As the head farmer of Farmscape, a company that designs, installs and maintains both residential and commercial gardens throughout California, Matthew Geldin has planted a lot of edible plants. He’s helped turn lawns, roofs and parks into productive food spaces, helping people connect with their food and nature at large.

“I think a lot of people either don’t have the time, the knowledge or the capacity to manage a garden themselves, but they really want to have that direct relationship with their food and where their food comes from,” says Geldin. “We can bridge those gaps for folks.”

Geldin started working with Farmscape, now the largest urban farming company in California, while studying landscape architecture at Cal Poly Pomona. After school, he honed his expertise working as a gardener at places such as the Los Angeles County Arboretum before returning to Farmscape, becoming the head farmer in 2014. Now, he oversees the weekly maintenance of hundreds of projects—everything from backyard gardens to neighborhood farms.

Each garden Geldin creates is wholly inspired by the people or the community it serves. For homeowners, Farmscape starts with a site visit.
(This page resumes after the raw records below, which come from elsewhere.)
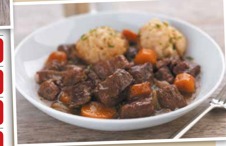
Hand Diced Scotch Beef Stewing Steak 454g (1lb) Serves 2 WAS £6.79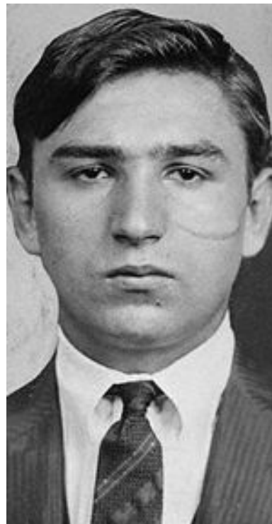
NYPD mug shot of Jacob Orgen

Orgen was released and on the streets again in 1923. Quickly becoming a formidable rival again to Kaplan, Orgen gradually built up a powerful organization which included members such as gunmen Louis "Lepke" Buchalter , Jacob "Gurrah" Shapiro , and Jack "Legs" Diamond . Orgen, allied with Solomon Schapiro , challenged Kaplan over labor slugging activities, particularly in the garment district . In 1923, a gang war broke out after a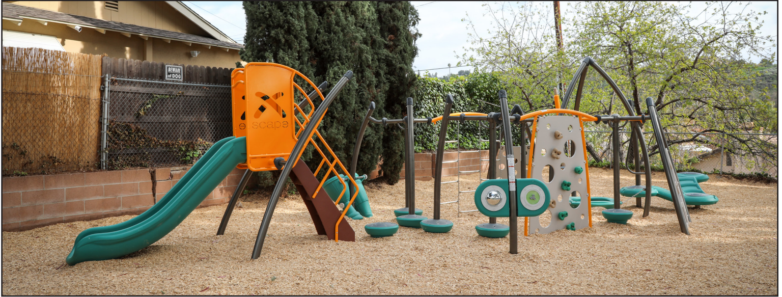
New playground equipment at Heidelberg Park

The installation of the new playground at Heidelberg Park has been completed. A playground safety audit is scheduled and the goal is to have the playground/park re-open for the community's enjoyment by the end of next week.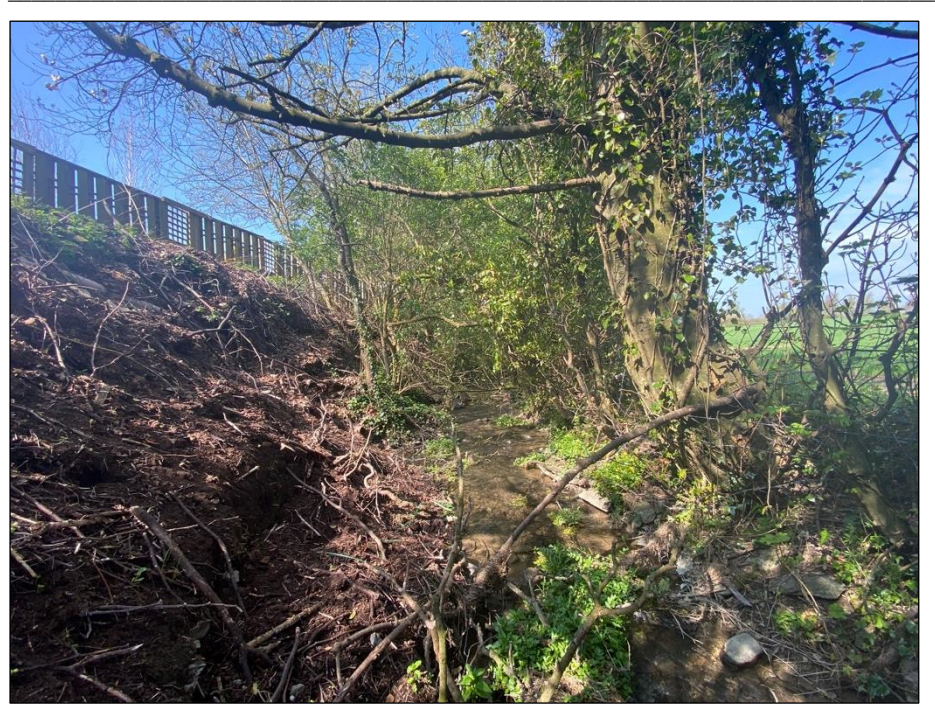
Plate 3 The upstream side showed clear evidence of recent vegetation clearance and debris.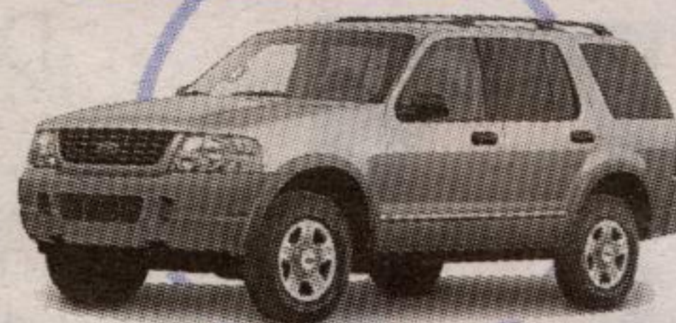
Insurance Institute for Highway Safety's 'Best Pick'.††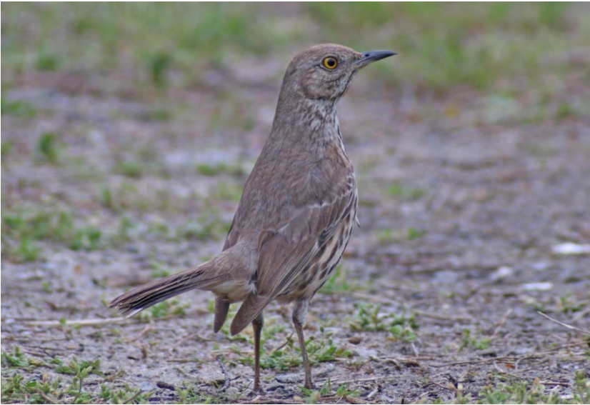
Two major rarities at Jamaica Bay Wildlife Refuge, Queens : Burrowing Owl, 16 May 2019, © Jennifer Kepler; and Sage Thrasher, 17 May 2019, © Corey Finger.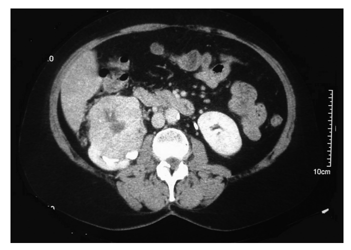
Fig. 1: CT scan showing right kidney malignancy.

Multivisceral resection has been extensively described. Simultaneous colectomy and hepatectomy for metastatic colon cancer can be performed safely, with encouraging results <sup>2</sup>. D'Angelica and colleagues <sup>3</sup> demonstrated that major hepatectomy can be performed simultaneously with pancreatectomy in carefully selected patients with accept-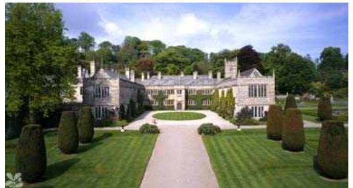
Lanhydrock House, Bodmin, Cornwall.

Lanhydrock is a magnificent late Victorian country house with extensive servants quarters, gardens and wooded estate.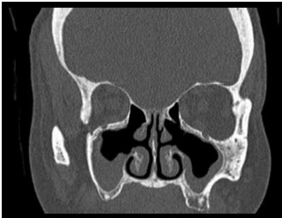
Fig. 1. Coronal CT scan for patient with RCRS, thickened mucosa with patent sinus ostium and Osteitis of the left lateral maxillary wall.

Direct visualization using 0 and 30 degree rigid endoscopy is crucial in this group of patients, to look for any evidence of active infection or obstruction to sinus ostium. The presence of polyps, pus, synechiae, stenosis, middle turbinate lateralization should also be evaluated. Pathological looking mucosa can be biopsied under local anesthesia as office procedure to rule out systemic diseases or tumors.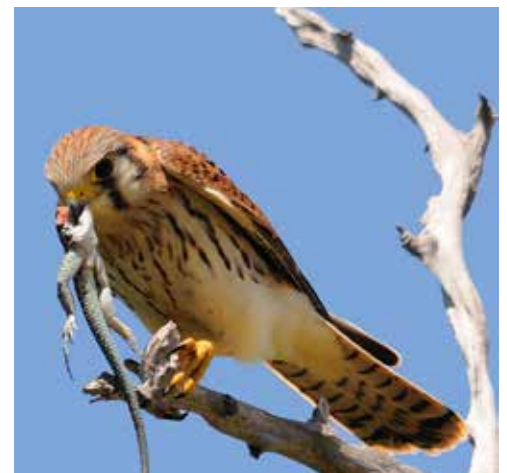
Falconcito/American Kestrel

The consultation includes an analysis of growing conditions in the patch of land, including sun exposure, the location of trees and hedges and what the irrigation access is like. They have conversations with the owners about how large the household is and how much food, if any, they want to produce. The company also installs pollinator gardens, native plant gardens and summer dry gardens. 

After the homeowner accepts the terms of the project, Farmscape does all the landscape installation work. Then the company works with the client each growing season to help select what they want to grow and will either harvest any food directly for the client or teach the homeowner how to manage it, all depending on their interests.

“In our backyard gardens, residents are encouraged to join their farmer when able to learn about what’s happening in their garden,” says Geldin. “We share information and demonstrations on what’s being planted, how to tend to the plants according to the arc of the season and how to harvest for optimal enjoyment of the produce and production of the crops. “

Having a garden expert at your disposal sounds dreamy, especially for those of us that are green thumb challenged. But it’s also something that enables Farmscape to provide farmers with a host of professional benefits including health insurance and 401Ks—an anomaly in the field.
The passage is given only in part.